You have just purchased an original water color or fine art print. The artist has assured you that the work was produced using paints with high light fastness ratings or archival inks on 100% cotton rag paper. However, to ensure a lifetime of enjoyment from your new purchase and to maintain its value the art must also be properly framed.
Whether you plan to have the artist frame your art, go to a frame shop or do it yourself you need to understand the requirements for archival framing. Unless you are prepared to accept fading and discoloration of your art you should insist on archival framing.

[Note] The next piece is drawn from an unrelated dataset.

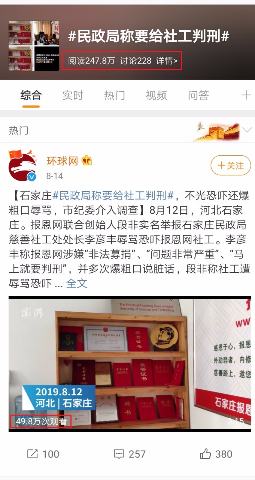 环球网官方微博发起的话题#民政局称要给社工判刑#阅读量达到247.8万人次,环球网官方链接的澎湃视频播放量超过了49.8万人次。

Watercolors, gouache, and to a lesser extent printing inks will fade if not protected from UV rays. Moisture can damage the paper on which your art work was created. Acid from wooden frames and paper mats can burn the paper causing discoloration and brittleness. Improper attachment of the art work to a backing board can cause discoloration or make it very difficult to re-frame a piece without damage.
Following are the key elements of archival framing and some tips for do it yourself framers:
~ Works of art on paper should be framed using UV-filtering glass or plexi-glass to prevent fading. I prefer UV-filtering glass because it is less expensive than plexi-glass, plexi-glass scratches easily and attracts dust due to static. However, if weight or breakage is a significant concern plexi-glass is the best choice.
~ The artwork must not be allowed to touch the glass or plexi- glass to protect against moisture condensation. Space is usually created by the use of a mat. It is also possible to use a plastic spacer between the frame and paper.
~ The artwork must be protected from the acid in wood frames. This can be done by use of a window mat with a margin extending from the edge of the art to the outer edge of the frame. If a mat is not used the portion of the frame touching the paper must be lined with a sealing film.
~ The art work should be attached to a supportive backing board. I generally use acid free foam core as a backing board. Coroplast is a less expensive option. Please be aware that standard foam core board is not acid free. You must specifically request acid free foam core. The art must be attached to the backing board in a way that does not damage the paper and permits later re-framing. My preferred method is to use clear mylar picture corners to hold the paper to the backing board. These can be purchased anywhere scrap book supplies are sold. The backing board can be attached to the frame with a brad gun.
~ All mats or backing boards touching the art must be acid free. The best mat choice is a 100% cotton rag mat. An acid free alphacellulose mat is preferable to a paper mat but will discolor along the edge of the mat after a period of time. A paper mat should never be used.
~ Finally the back of the frame should have a dust cover attached to keep insects and insect larva off of the mats and artwork. To make a dustcover you can glue a piece of craft paper, (which is cut slightly larger than the frame), to the back of the frame using craft glue.
Spritz the back of the paper lightly with a fine mist of water and dry it thoroughly with a hand held hair dryer. This tightens the paper across the back. You can then use a sturdy emery board (the type intended for acrylic nails is perfect) and "file" the edge of the frame to remove the excess paper. You can also use a craft knife to trim the paper.
Decorators and craft stores can assist you in selecting aesthetically pleasing frames but may not understand the requirements for archival framing. It is good to discuss your specific requirements in detail before arranging for a piece of art to be framed. If you want to frame a piece yourself please check the links page on my website for sources I use for framing supplies as well as sources for archival framing kits.
Archival kits are an excellent choice if you are framing a standard size piece.